他確實有些想不通這小丫頭費這麼大勁繞這麼大的圈幹嘛。
而司空傲揚則身居高位多年,很快聯想到了些什麼,神色有些瞭然和莫測。
梵音自是知道他們會問這些問題,沉默了片刻望向司空偉亦和司空傲揚。
“其實當初並不是男扮女裝的,我是以女性的身份參的軍,但除卻集訓後完全的散養模式,沒有任務,沒有目標,甚至連上級都對我們懶懶散散的,我每每看着那些資質沒有我好的男士兵出任務我都無限的羨慕和不理解,後來我找過政委找過領導但都回絕了我,只告訴我女士兵多爲輔助作用,不能作爲主要戰鬥力,我心灰意冷後退伍了,我不死心換了身份後又一次參了軍,這纔有了現在的我。還有最重要的一個就是我們的身份不能暴露,老大當初爲了讓我和老二脫離聖子的身份付出了很大的代價,而我們就是老大的軟肋,不能被人發現以此要挾老大!”梵音清冷的聲音沉着的闡述着當初的一系列想法和做法。
當年如果不是長眉老和尚以她和老二作爲要挾,老大也不會踏入聖佛殿那個看似光輝無限實則幽閉的地方……
“唉……”司空偉亦自是明白軍隊看似平等,實則還是以男爲尊的地方,如果音丫頭真的以女兒的身份參軍沒有背景,沒有強硬的後臺是根本不可能有今天的成就的,而殊那丫頭作爲老大當真是扛下了一切的罪難,爲這兩個小的撐起了一片安全的堡壘,他們真的遲到了太久了……
“殊丫頭,當年,當年以什麼爲代價?”司空傲揚眼睛有些溼潤,他的大女兒是那般的溫潤強大,第一面相見時他就能感受到那隱隱的強大氣場,正因爲她的強大反倒讓人忽略了那也只是一個二十出頭的小姑娘,她並不是無所不能的!
戈止雲想起梵殊那丫頭總是掛着微笑溫暖世人的面容,心也不由的微微發緊,那丫頭太過於通透,通透的讓人心疼……

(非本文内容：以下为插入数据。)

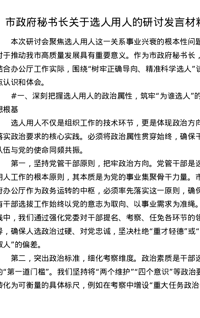 市政府秘书长关于选人用人的研讨发言材料(2219字)
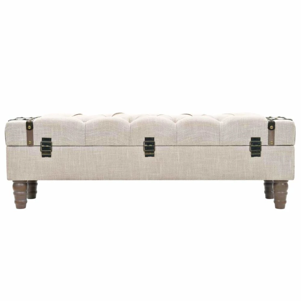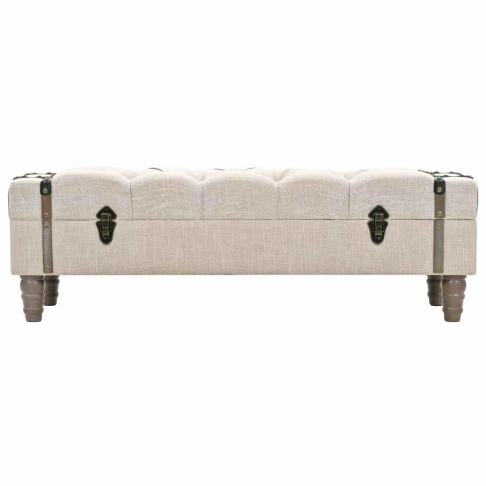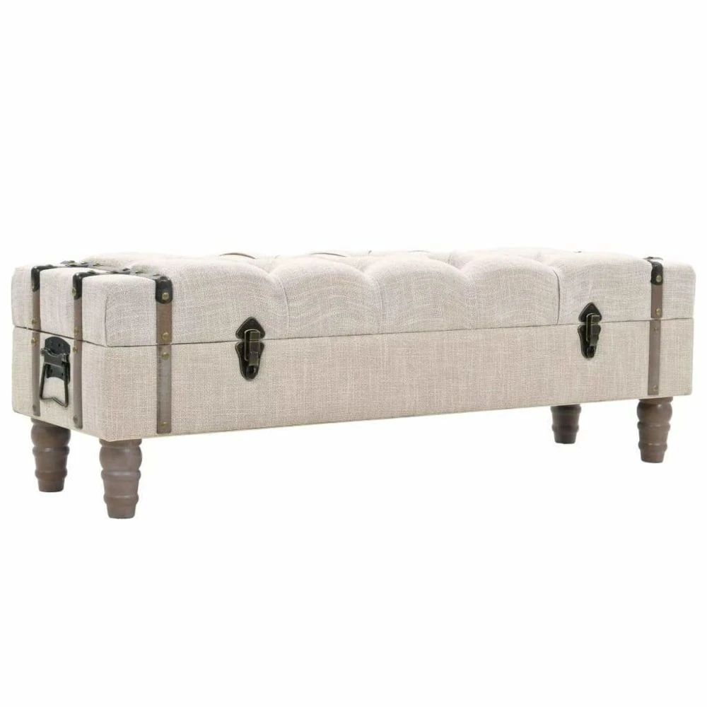 Ajoutez une touche vintage à votre décoration intérieure avec notre banc de rangement. La boîte de rangement est en bois de sapin massif. L’assise est rembourrée et rembourrée, rembourrée dans un tissu moderne, avec de solides pieds en acier. Il y a suffisamment d’espace pour garder une multitude d’objets différents hors de la vue et à portée de main. Grâce à sa poignée durable, le banc sous forme de coffre peut également être facilement déplacé et placé dans n’importe quelle pièce. L’assemblage de cet article est facile. Couleur : blanc cassé Matériau : Bois de sapin + panneau d’aggloméré + tissu + acier Dimensions : 111 x 34 x 37 cm (L x l x H) Avec assise rembourrée et tapissée Facile à assembler Matériel: Polyester: 100%
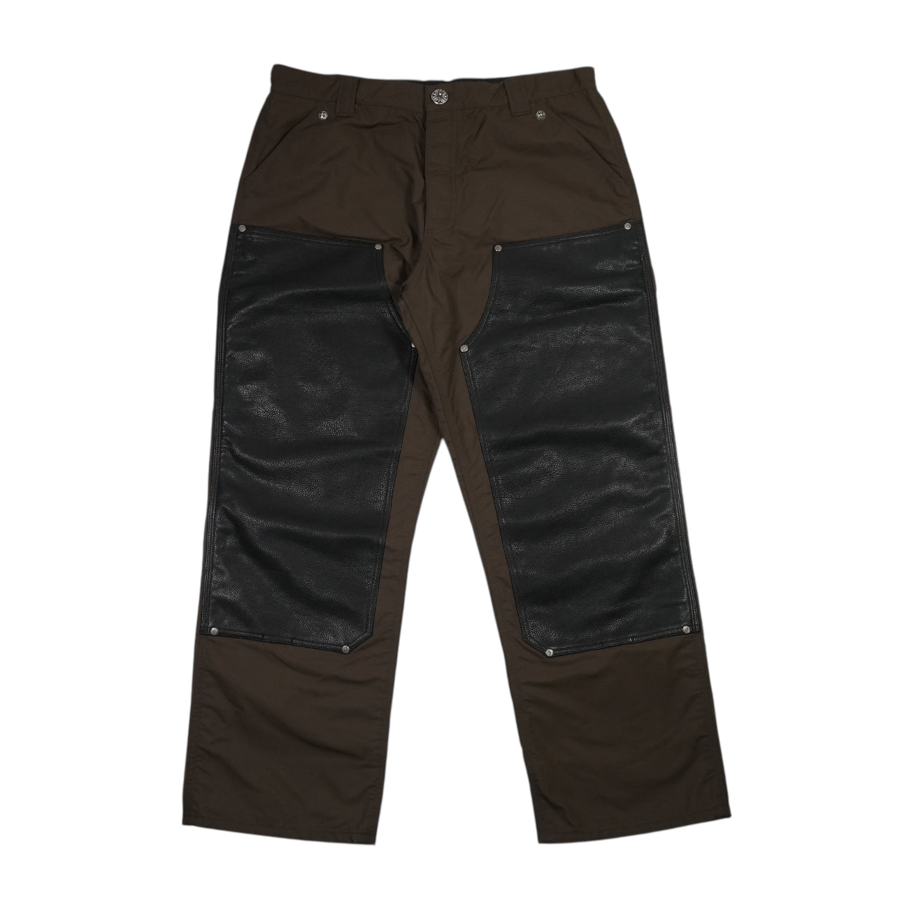 クロスパッチ付きレザー切替ナイロンカーペンターロングパンツCARPENTER DOUBLE KNEE 【キャンバスパンツ】【ブラック×ブラウン】SIZE:36

“老大身爲聖佛本來就是聖器決定這無可避免,但聖佛殿內戒律上有一條,在聖佛年滿二十便可自行決定去留,每年重要節日和傳教必須要回歸,但聖子卻不行,要終身追隨聖佛和皈依佛門,不然就要廢去一身功法,洗去佛根逐出佛門。老大爲了我們與主持做了交易,以終身皈依佛門常伴青燈爲條件換取了我們的自由……”梵音緩緩的說着,腦中浮現出了當年萬衆矚目朝聖下,一身金袍加身綰着滿頭青絲,步履沉穩莊重邁上聖佛殿主座的絕美女人,她回眸輕笑時眼中的溫和與釋然令她每每午夜夢迴都雙目溼潤。
當年只知老大爲了她們的自由在大殿門前長跪一天一夜之久,後不知與那老和尚達成了什麼共識才讓她們安然無恙的離去,這次她在閻魔透過閻魔的關係網查了一番才得知的清楚……
她在知曉後從不輕易流淚的眼睛就像是泄洪一般淚水噴涌而出。
看,老大爲了她們都犧牲了什麼!
這都是因爲她們弱小啊!
“苦了這孩子了……”戈止雲雙眼婆娑,一生青燈常伴代表着什麼,代表着雖然她享有無上的尊榮,可終身不得自由,歲月匆匆後餘下的只有自己和那晦澀難懂的經書常伴……
“那老禿驢太過分了!”司空偉亦拍桌怒喝,他司空家的孩子竟然被如此欺負!
“所以你和二丫頭這些年拼命努力就是爲了能爲殊丫頭撐起一片天?”沉默許久的司空傲揚緩聲詢問。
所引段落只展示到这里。